* [WORK TASK]: Going line by line through the records below, write out everything starting with the line containing "NORPE B 12 /" and going on through the line containing "Я построил для примера КУБИЧЕСКУЮ ПАРАБОЛУ.", exactly and inclusively. Pictures do not go in.

* [DATASET ENTRIES]:

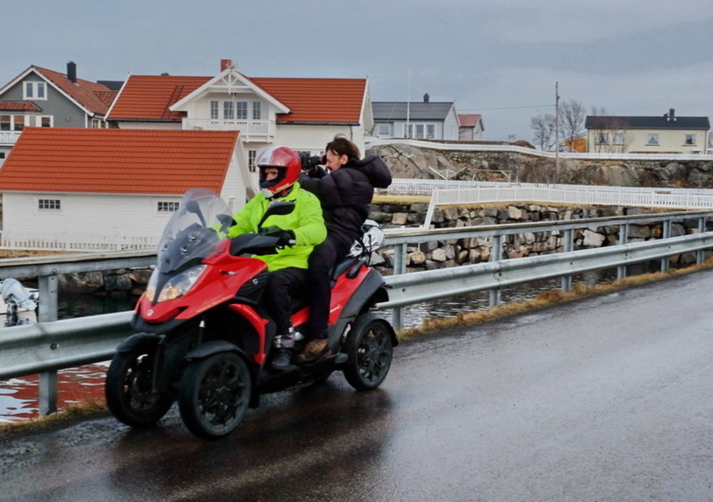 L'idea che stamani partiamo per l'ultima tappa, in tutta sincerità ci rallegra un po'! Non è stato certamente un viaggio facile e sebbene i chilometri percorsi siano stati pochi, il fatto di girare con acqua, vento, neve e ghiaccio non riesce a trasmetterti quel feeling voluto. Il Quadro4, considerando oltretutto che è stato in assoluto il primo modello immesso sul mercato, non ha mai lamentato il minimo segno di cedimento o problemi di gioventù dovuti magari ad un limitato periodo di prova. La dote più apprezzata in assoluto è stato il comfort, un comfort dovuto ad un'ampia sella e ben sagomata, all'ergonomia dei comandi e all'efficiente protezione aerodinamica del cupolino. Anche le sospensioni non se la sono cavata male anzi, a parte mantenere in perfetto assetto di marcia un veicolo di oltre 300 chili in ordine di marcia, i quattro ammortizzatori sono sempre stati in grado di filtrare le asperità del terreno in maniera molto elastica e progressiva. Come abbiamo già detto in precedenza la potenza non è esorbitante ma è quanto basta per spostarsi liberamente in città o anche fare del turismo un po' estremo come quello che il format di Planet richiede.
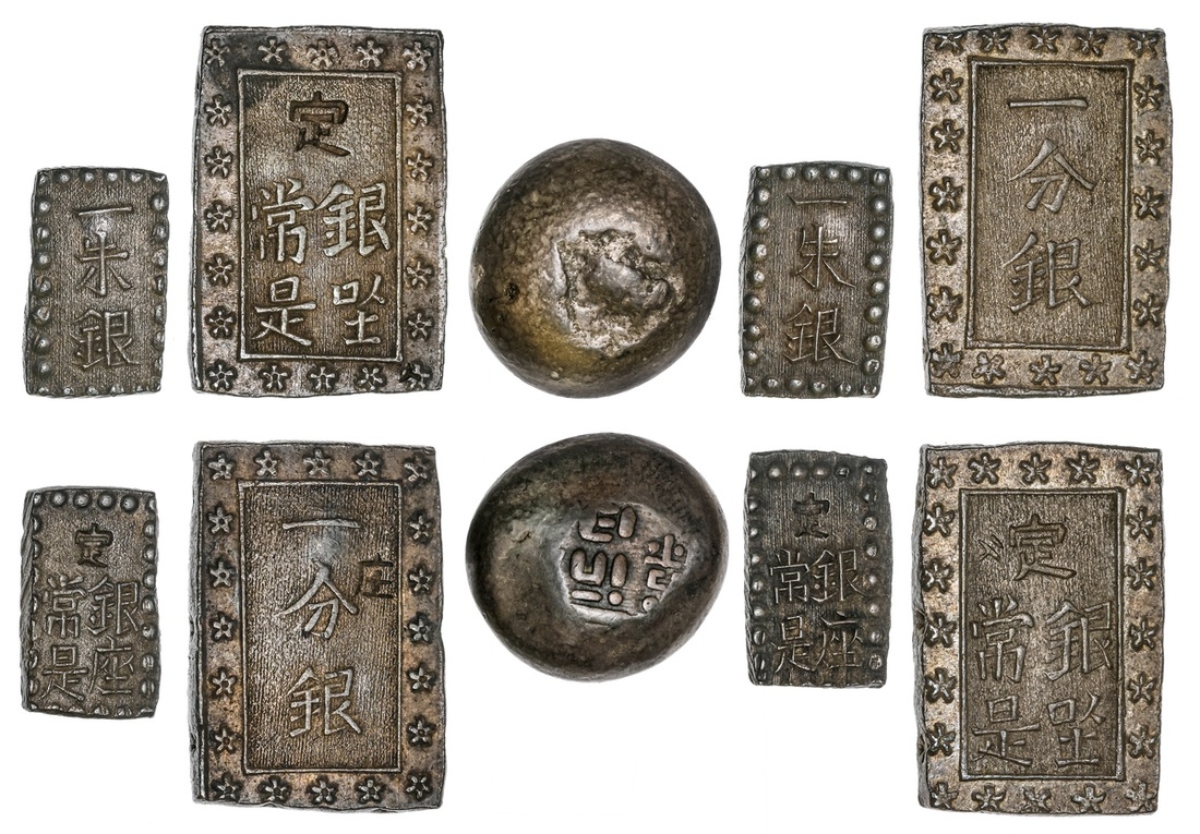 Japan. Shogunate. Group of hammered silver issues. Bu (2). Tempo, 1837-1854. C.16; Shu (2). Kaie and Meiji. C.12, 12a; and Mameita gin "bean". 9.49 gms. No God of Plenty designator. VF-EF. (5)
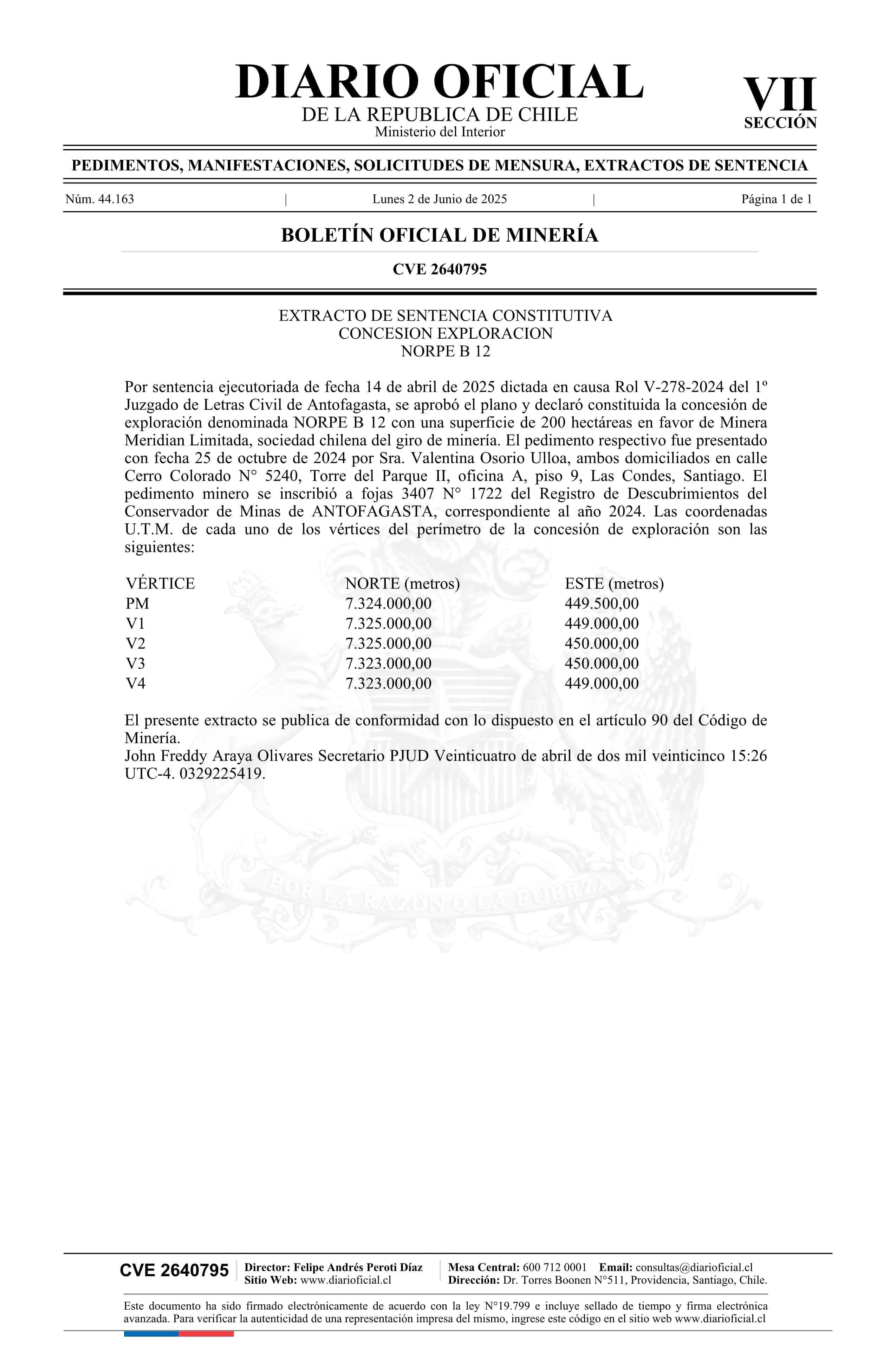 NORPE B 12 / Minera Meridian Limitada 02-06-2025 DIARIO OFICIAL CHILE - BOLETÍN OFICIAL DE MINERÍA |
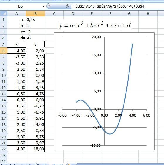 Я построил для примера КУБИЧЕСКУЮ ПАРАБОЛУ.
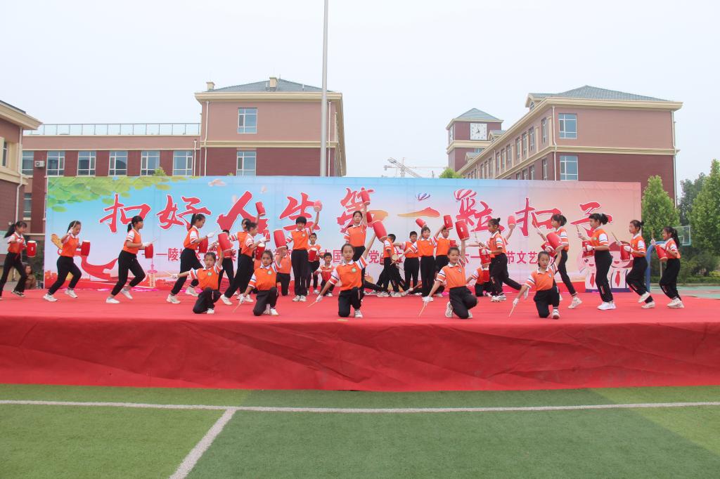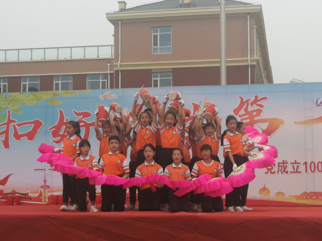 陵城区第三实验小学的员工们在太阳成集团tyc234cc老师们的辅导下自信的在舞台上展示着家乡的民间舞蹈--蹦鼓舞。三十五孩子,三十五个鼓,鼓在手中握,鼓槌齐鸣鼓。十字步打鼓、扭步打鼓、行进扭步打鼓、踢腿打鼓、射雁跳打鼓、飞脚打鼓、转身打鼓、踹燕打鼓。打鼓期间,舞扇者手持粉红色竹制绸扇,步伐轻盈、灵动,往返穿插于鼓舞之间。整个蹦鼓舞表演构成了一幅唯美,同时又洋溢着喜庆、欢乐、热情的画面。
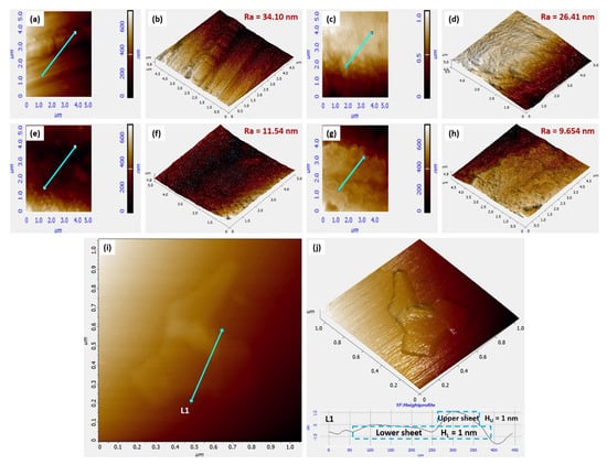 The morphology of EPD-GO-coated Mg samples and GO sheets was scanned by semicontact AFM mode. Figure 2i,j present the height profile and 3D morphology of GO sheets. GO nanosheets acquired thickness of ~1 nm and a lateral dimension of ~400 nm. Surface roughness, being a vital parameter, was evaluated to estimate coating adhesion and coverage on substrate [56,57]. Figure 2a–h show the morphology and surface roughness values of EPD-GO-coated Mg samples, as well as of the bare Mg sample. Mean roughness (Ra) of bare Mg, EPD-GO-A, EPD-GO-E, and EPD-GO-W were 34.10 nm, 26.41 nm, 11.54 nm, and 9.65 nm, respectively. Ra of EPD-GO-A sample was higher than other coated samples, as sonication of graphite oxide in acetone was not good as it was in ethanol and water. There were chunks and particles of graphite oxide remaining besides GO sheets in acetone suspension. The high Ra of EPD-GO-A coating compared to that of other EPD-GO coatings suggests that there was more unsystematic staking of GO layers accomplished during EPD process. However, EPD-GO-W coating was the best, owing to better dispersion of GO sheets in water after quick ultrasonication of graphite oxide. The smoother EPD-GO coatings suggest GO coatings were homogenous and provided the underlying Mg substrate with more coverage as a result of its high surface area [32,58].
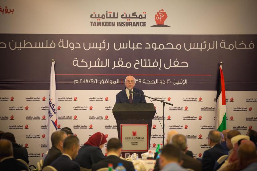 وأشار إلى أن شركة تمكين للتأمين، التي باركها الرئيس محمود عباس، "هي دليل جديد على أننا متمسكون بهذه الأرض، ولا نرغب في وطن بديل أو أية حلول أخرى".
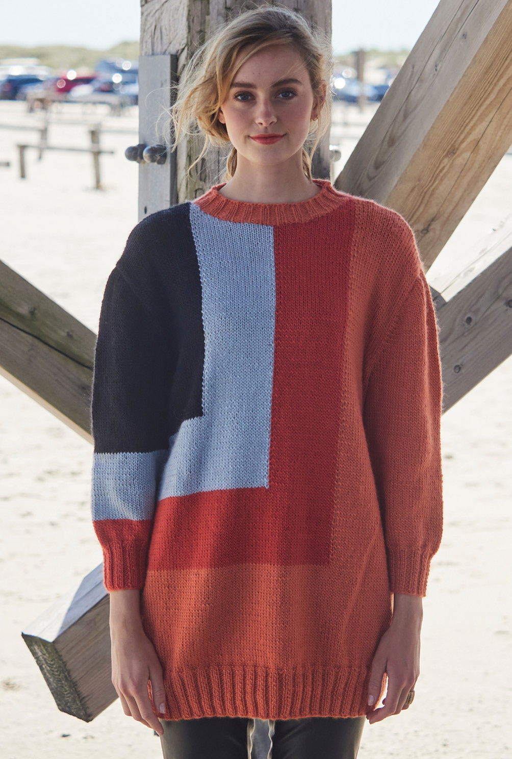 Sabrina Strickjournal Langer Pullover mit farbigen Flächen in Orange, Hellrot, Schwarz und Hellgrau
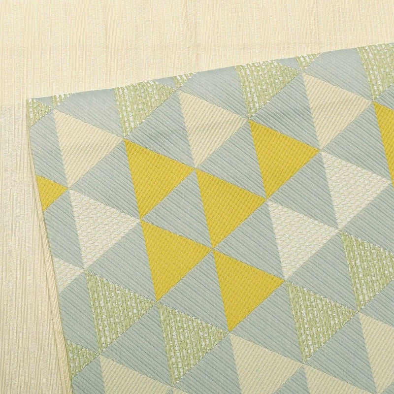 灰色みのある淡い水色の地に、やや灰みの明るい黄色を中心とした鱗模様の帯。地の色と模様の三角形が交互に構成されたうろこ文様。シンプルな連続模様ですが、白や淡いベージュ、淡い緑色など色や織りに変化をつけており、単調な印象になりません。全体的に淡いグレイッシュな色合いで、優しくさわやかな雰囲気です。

* [EXERCISE RESPONSE]:
 NORPE B 12 / Minera Meridian Limitada 02-06-2025 DIARIO OFICIAL CHILE - BOLETÍN OFICIAL DE MINERÍA |
 Я построил для примера КУБИЧЕСКУЮ ПАРАБОЛУ.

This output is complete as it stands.